VIDÉO - Pouvoir d'achat : des rois du stockage livrent leurs astuces pour dépenser moins

par A.B. | Reportage TF1 Valentin Dépret, Bruno Poizeuil
Publié le 5 avril 2023 à 10h41, mis à jour le 6 avril 2023 à 10h09

Source : JT 20h Semaine

En France, les prix de l'alimentaire ont bondi de 15,8% en mars.
Face à cette situation, des particuliers développent des stratégies étonnantes pour réduire leur budget.
Certains stockent en masse pour mieux économiser.

Si l'inflation a ralenti en France en mars - 5,6% après avoir atteint 6,3% en février - les prix de l'alimentaire, eux, ont poursuivi leur hausse. Le mois dernier, ils ont augmenté de 15,3% sur un an, après 14,8% au mois de février. Une tendance qui pèse lourd dans les paniers de courses. Alors pour limiter les frais, certains optent pour une solution radicale : le stockage. Une pratique dans laquelle s'est spécialisée la famille que rencontre une équipe de TF1 dans la vidéo du 20H ci-dessus. 

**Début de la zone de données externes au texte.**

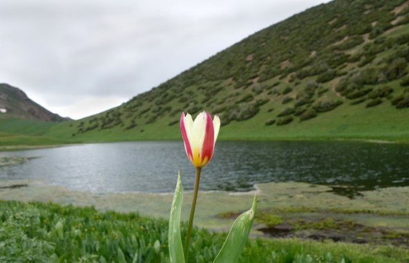 צבעוני פורח על שפת אגם בהרי טיאן שאן

Chez les Liautard, pas question de faire les courses en urgence. Pour s'alimenter à petit prix, ils ont une pièce stratégique : "Le cellier de la famille" accessible uniquement en entrant un code. Un endroit qui ressemble à un petit supermarché avec des montagnes de paquets de pâtes, de conserves ou de sauces... Le tout représentant un an et demi de consommation. 

150 euros d'économies par mois

Ange Liautard décrit cette pièce un peu particulière. On y trouve "tout le côté lessive en bas" et "tout ce qui est produit lave-vaisselle, shampoing, gel douche, etc." Peu d'aliments frais sont présents dans le cellier, les viandes et les légumes sont rangés dans le congélateur. Pour le reste, la famille mange principalement des produits de longue conservation, rangés méthodiquement pour éviter les pertes : les produits les plus récents à l'arrière et ceux qui périment en premier à l'avant.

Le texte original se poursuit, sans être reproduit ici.